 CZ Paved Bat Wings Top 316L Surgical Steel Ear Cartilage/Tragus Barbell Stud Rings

——————

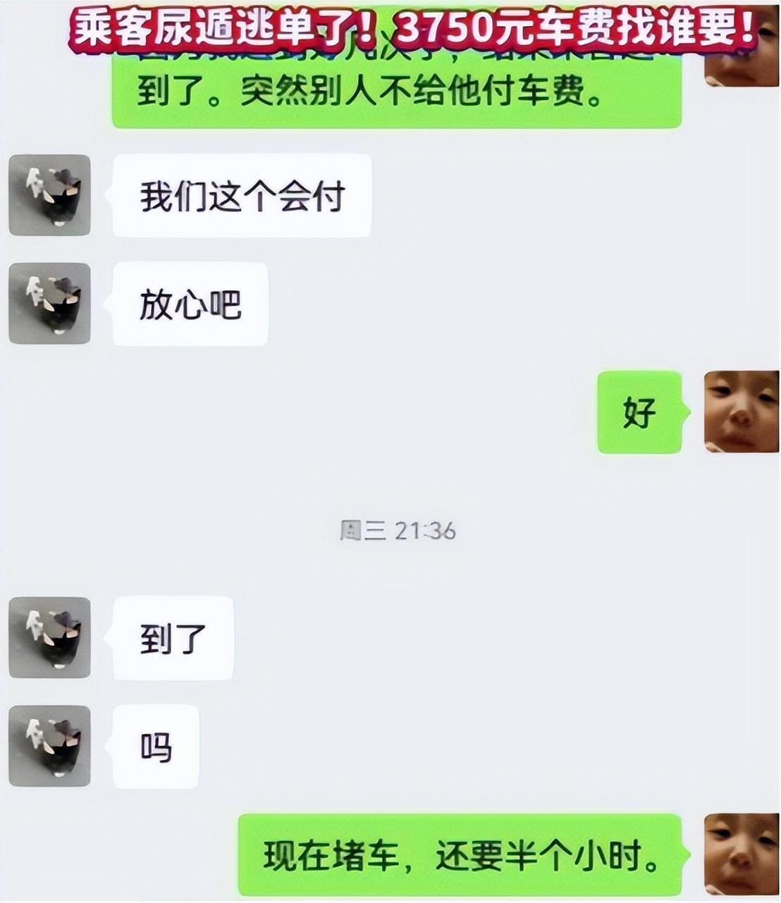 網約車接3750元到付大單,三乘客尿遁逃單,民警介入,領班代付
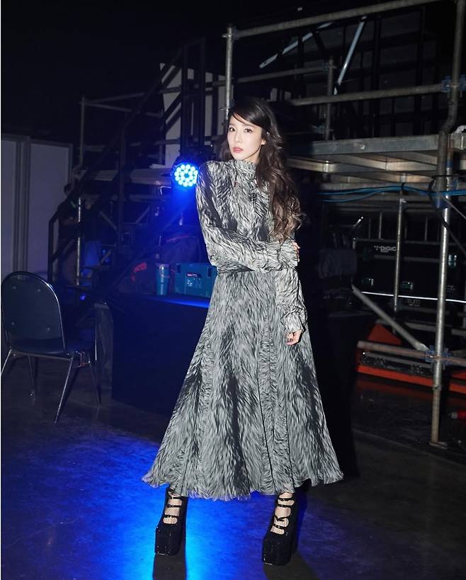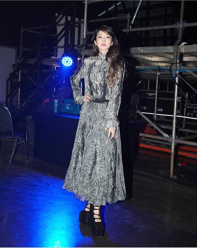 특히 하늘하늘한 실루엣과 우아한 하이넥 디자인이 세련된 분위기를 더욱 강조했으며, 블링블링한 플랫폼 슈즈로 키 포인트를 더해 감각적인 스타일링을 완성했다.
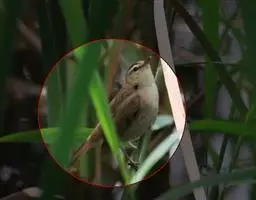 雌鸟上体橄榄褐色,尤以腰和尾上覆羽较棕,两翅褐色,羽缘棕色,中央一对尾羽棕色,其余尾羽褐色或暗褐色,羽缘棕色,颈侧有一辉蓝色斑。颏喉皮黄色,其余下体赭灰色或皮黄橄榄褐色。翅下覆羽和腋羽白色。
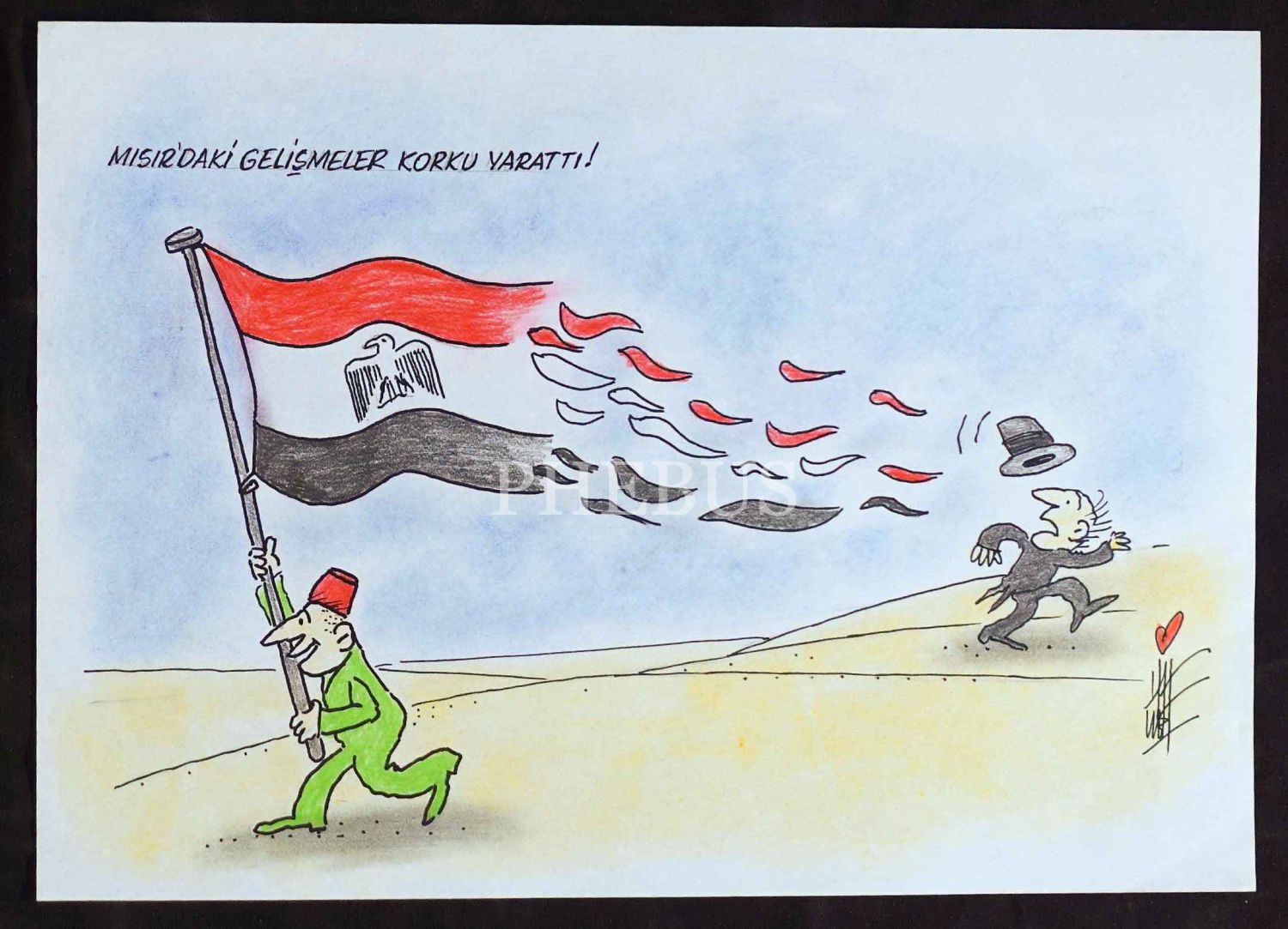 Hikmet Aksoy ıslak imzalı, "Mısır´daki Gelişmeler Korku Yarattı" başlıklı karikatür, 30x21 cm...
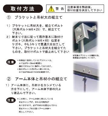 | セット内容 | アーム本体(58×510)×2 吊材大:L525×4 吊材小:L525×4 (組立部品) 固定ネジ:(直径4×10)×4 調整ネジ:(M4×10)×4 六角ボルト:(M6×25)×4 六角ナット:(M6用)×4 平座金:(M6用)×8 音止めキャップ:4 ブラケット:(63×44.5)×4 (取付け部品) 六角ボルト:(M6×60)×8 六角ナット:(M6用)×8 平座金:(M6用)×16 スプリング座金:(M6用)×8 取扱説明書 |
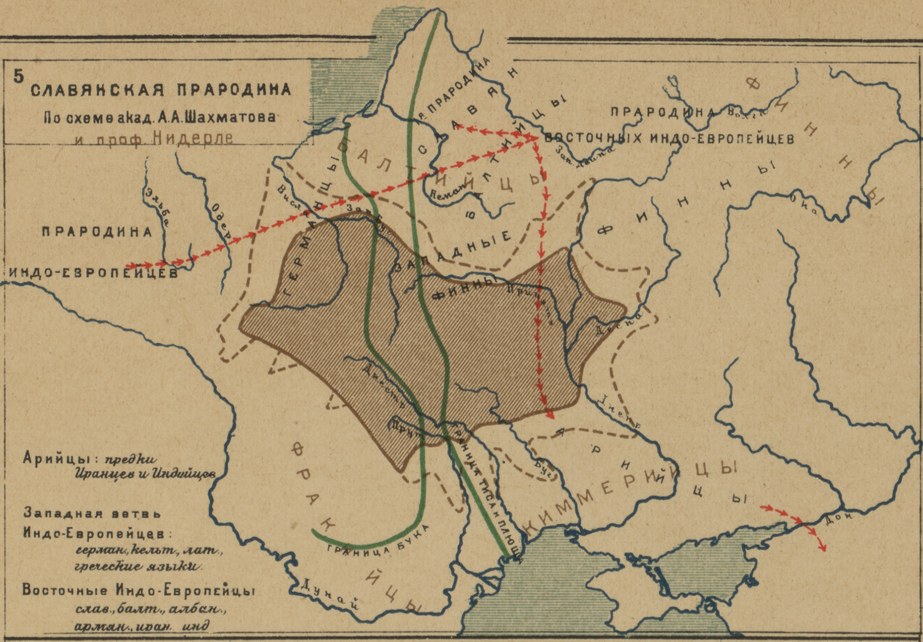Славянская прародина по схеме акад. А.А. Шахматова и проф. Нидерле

——————

(THE PROBLEM)
What's needed is an exact copy of the records above from the line containing "특히 하늘하늘한 실루엣과" down to the line containing "Славянская прародина по", both included, without any pictures.

(EXERCISE ANSWER)
 특히 하늘하늘한 실루엣과 우아한 하이넥 디자인이 세련된 분위기를 더욱 강조했으며, 블링블링한 플랫폼 슈즈로 키 포인트를 더해 감각적인 스타일링을 완성했다.
 雌鸟上体橄榄褐色,尤以腰和尾上覆羽较棕,两翅褐色,羽缘棕色,中央一对尾羽棕色,其余尾羽褐色或暗褐色,羽缘棕色,颈侧有一辉蓝色斑。颏喉皮黄色,其余下体赭灰色或皮黄橄榄褐色。翅下覆羽和腋羽白色。
 Hikmet Aksoy ıslak imzalı, "Mısır´daki Gelişmeler Korku Yarattı" başlıklı karikatür, 30x21 cm...
 | セット内容 | アーム本体(58×510)×2 吊材大:L525×4 吊材小:L525×4 (組立部品) 固定ネジ:(直径4×10)×4 調整ネジ:(M4×10)×4 六角ボルト:(M6×25)×4 六角ナット:(M6用)×4 平座金:(M6用)×8 音止めキャップ:4 ブラケット:(63×44.5)×4 (取付け部品) 六角ボルト:(M6×60)×8 六角ナット:(M6用)×8 平座金:(M6用)×16 スプリング座金:(M6用)×8 取扱説明書 |
Славянская прародина по схеме акад. А.А. Шахматова и проф. Нидерле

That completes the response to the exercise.